В подобных установках вполне различимы следы древнейших мифологических представлений. Голова издавна считалась неприкосновенной и табуировалась как особо священная часть тела; необходимость помыть или постричь волосы всегда обставлялась всяческими магическими предосторожностями[314]. Аналогичным образом можно усмотреть мифологическую основу в распространенном убежденииевропейцев XIX века, согласно которому женщине не рекомендовалось часто принимать ванну, ибо это могло роковым образом сказаться на ее способности иметь детей. Тут стоит отметить корреляцию между женским, грязным и плодовитостью, характерную для многих культур[315].
В общественном сознании того времени существовал еще целый ряд соображений по поводу мытья не столько внешне медицинского, сколько откровенно морального свойства. Оставлять наедине с самим собой в ванне молодого человека означало подвергнуть серьезному испытанию его добродетель. Интерес к собственному обнаженному телу почти автоматически подразумевал следующий шаг – искушение заняться самоудовлетворением. А это для пуританских воспитателей юношества был страшный грех. Поэтому в школах мальчиков обычно водили купаться в реке, теплые же ванны в порядке исключения разрешали больным. Относительно девочек моралистические опасения заходили так далеко, что вообще полагалось мыться в сорочке. Наибольший риск связывали с необходимостью гигиены детородных органов и в интересах скромности рекомендовали проводить весь процесс мытья и вытирания с закрытыми глазами. Для молодых людей, страдающих «тайными пороками», выпускали специальные ортопедические бандажи[316].

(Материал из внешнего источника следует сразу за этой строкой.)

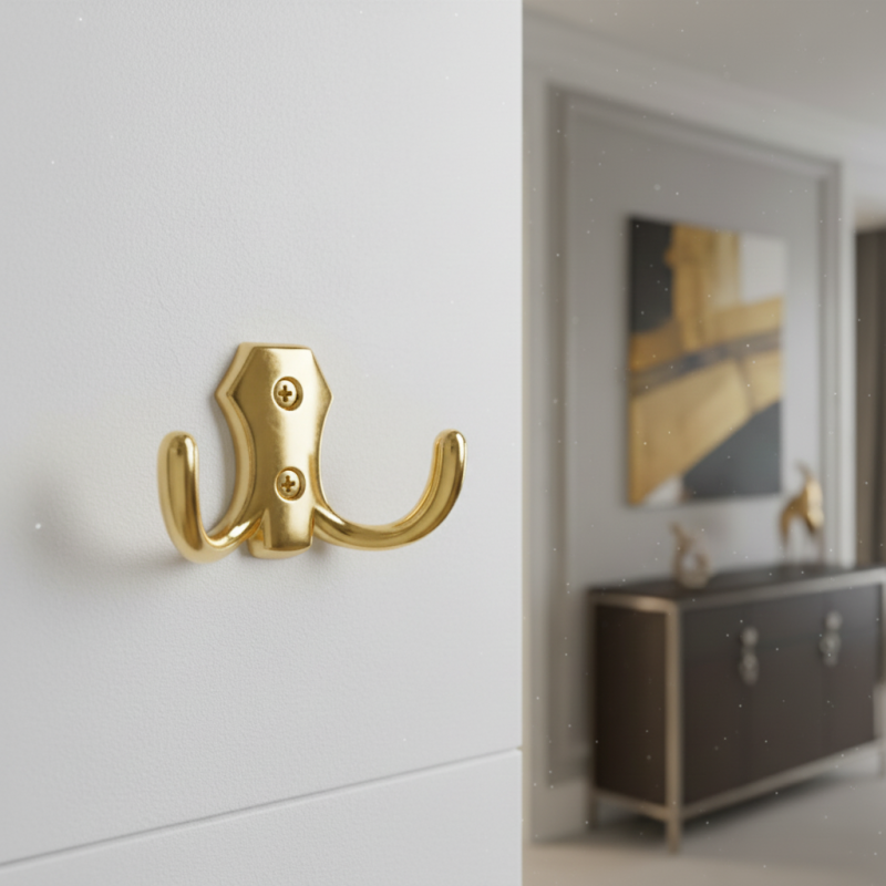 Wandaufhänger für Möbel aus Metall mit Frontbefestigung. Kann mit anderen Größen von Aufhängern im gleichen Design kombiniert werden.
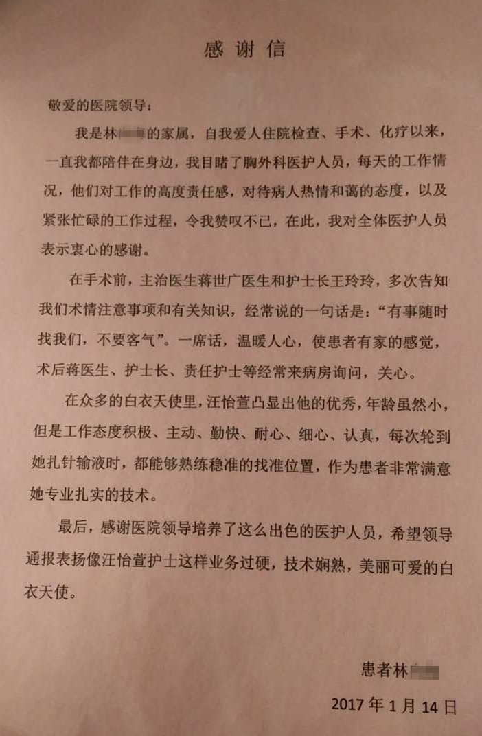 上一篇: 患者沈先生及家属感谢心内科医护人员医术精湛、医德高尚
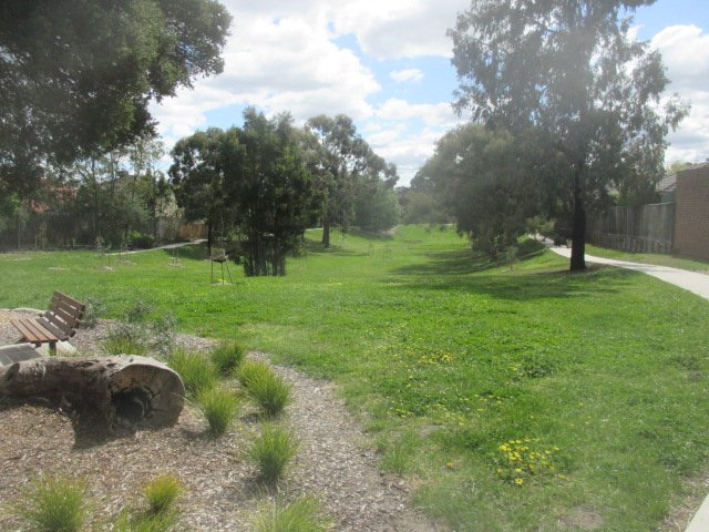 Morang Reserve Dog Off Leash Area is a spacious, multi-use public park located in a suburban setting. The reserve features expansive, undulating grassy fields that provide ample room for dogs to run and play. The landscape is characterized by a mix of open spaces and areas densely populated with mature trees, offering significant natural shade throughout the day. Facilities visible within the park include a basketball half-court, a wooden bench for resting, and paved walking paths that meander through the greenery. A small section of a playground with woodchip surfacing is also present. The park has a gentle slope, creating a valley-like feel in certain sections. While it is designated as an off-leash area, there is no evidence of perimeter fencing in the images, suggesting it is an open-access reserve. Solar-powered lighting is installed along the paths, enhancing safety during twilight hours. The overall atmosphere is peaceful and natural, making it a versatile spot for both pet owners and local residents. The ground surface is primarily well-maintained grass, with some mulched areas around specific amenities.

Подобная паническая сосредоточенность на эротизированной телесности была оборотной стороной ригористического морализма. Гигиенические процедуры, окруженные флером избыточной чувственности, могли быть реабилитированы в глазах общественности только строго научной необходимостью.
Развитие позитивизма и биологии в XIX веке сделало это возможным. На помощь пришли фундаментальные открытия: работы Луи Пастера и Джозефа Листера 1860-х годов сформировали научные представления о вирусах и микробах, а в 1880-е годы уже были идентифицированы бациллы тифа, холеры и туберкулеза. Пастер опроверг прежнюю теорию самозарождения микроорганизмов[317] и разработал методы асептики и антисептики. Однако его учение завоевало признание не сразу. В музее Пастера в Париже часть экспозиции посвящена полемике и дискуссиям по поводу его открытий. Свой институт микробиологии Пастеру удалось создать лишь в 1888 году.
У. Хит. Чудовищная жидкость: вода из Темзы. 1828 г.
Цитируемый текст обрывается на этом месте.